A Kamigata Anthology: Literature from Japan’s Metropolitan Centers, 1600-1750

A Kamigata Anthology: Literature from Japan’s Metropolitan Centers, 1600-1750

 

Edited by Sumie Jones and Adam L. Kern with Kenji Watanabe

Available for purchase at the University of Hawaii Press and for pre-order at Amazon.

 

This is the first of a three-volume anthology of Edo- and Meiji-era urban literature that includes An Edo Anthology: Literature from Japan’s Mega-City, 1750–1850 and A Tokyo Anthology: Literature from Japan’s Modern Metropolis, 1850–1920. The present work focuses on the years in which bourgeois culture first emerged in Japan, telling the story of the rising commoner arts of Kamigata, or the “Upper Regions” of Kyoto and Osaka, which harkened back to Japan’s middle ages even as they rebelled against and competed with that earlier era. Both cities prided themselves on being models and trendsetters in all cultural matters, whether arts, crafts, books, or food. The volume also shows how elements of popular arts that germinated during this period ripened into the full-blown consumer culture of the late-Edo period.

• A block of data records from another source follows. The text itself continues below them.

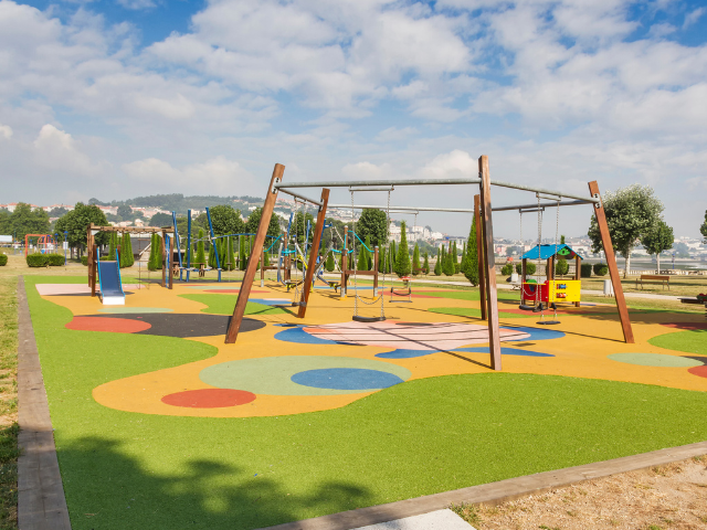 The versatility of synthetic grass makes it suitable for both small backyard playsets and large community playgrounds.
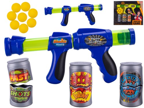 Pistole 42 cm na natažení s pěnovými náboji 8 ks a plechovkami 3 ks - mix barev (žlutá, modrá)
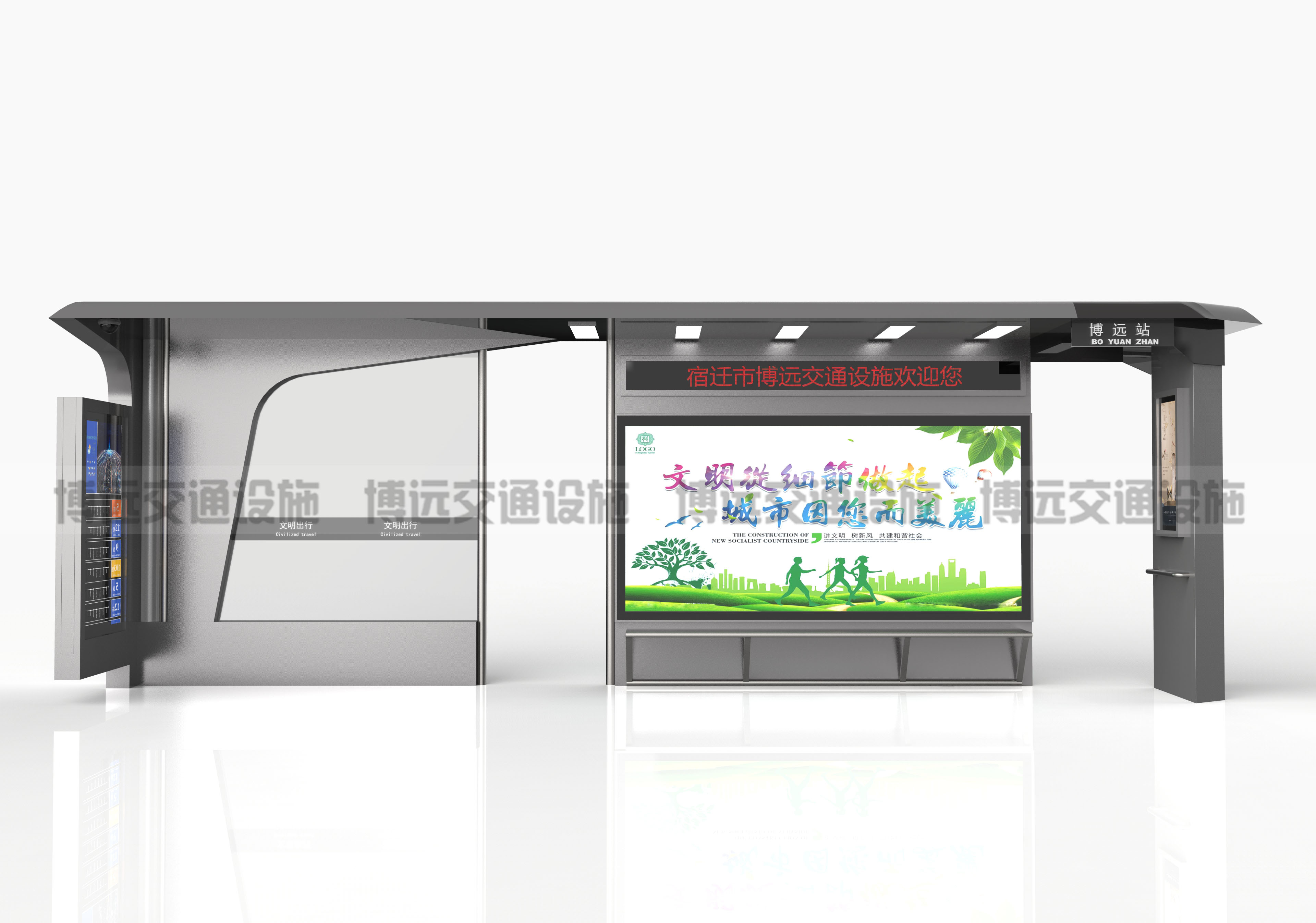 新版公交候車亭的長處:新一代公交站臺的箱體具有環(huán)保、耐高溫、彈力強、經(jīng)用、抗老化、耐壓、防涂污、韌性好、硬度高、阻燃等等特點,使用壽命長而且保護便利;新一代公交站臺不只制造精美、樣式也十分的新穎。除了智能電子屏以外,還另有兩個燈箱可放城市的公益畫布、城市地圖等,別的到晚上新一代公交站臺可主動亮起,為過往的行人供給足夠的照明。

The tendency to imagine Japan’s modernity as a creation of Western influence since the mid-nineteenth century is still strong, particularly outside Japan studies. A Kamigata Anthology challenges such assumptions by illustrating the flourishing phenomenon of Japan’s movement into its own modernity through a selection of the best examples from the period, including popular genres such as haikai poetry, handmade picture scrolls, travel guidebooks, kabuki and joruri plays, prose narratives of contemporary life, and jokes told by professional entertainers. Well illustrated with prints from popular books of the time and hand scrolls and standing screens containing poems and commentaries, the entertaining and vibrant translations put a spotlight on texts currently unavailable in English.

Reviews

A Kamigata Anthology brings together a scintillating array of popular literature from the Kyoto-Osaka region during the early Edo period. Few readers will fail to be surprised by its range or to delight in the verve of the translations, every one of which is an illuminating joy.”

—Timon Screech, School of Oriental and African Studies, University of London

“This long-awaited volume is full of lively translations that span an impressive variety of literary genres. The abundant use of images is particularly effective in bringing the works to life and demonstrating how narratives, drama, and poetry were consumed through an interplay of different media. It is a wonderful resource for not only academic specialists in premodern Japanese literature and history, but also anyone interested in Japanese popular culture, visual media, gender and sexuality, and the broader study of literary form and genre.”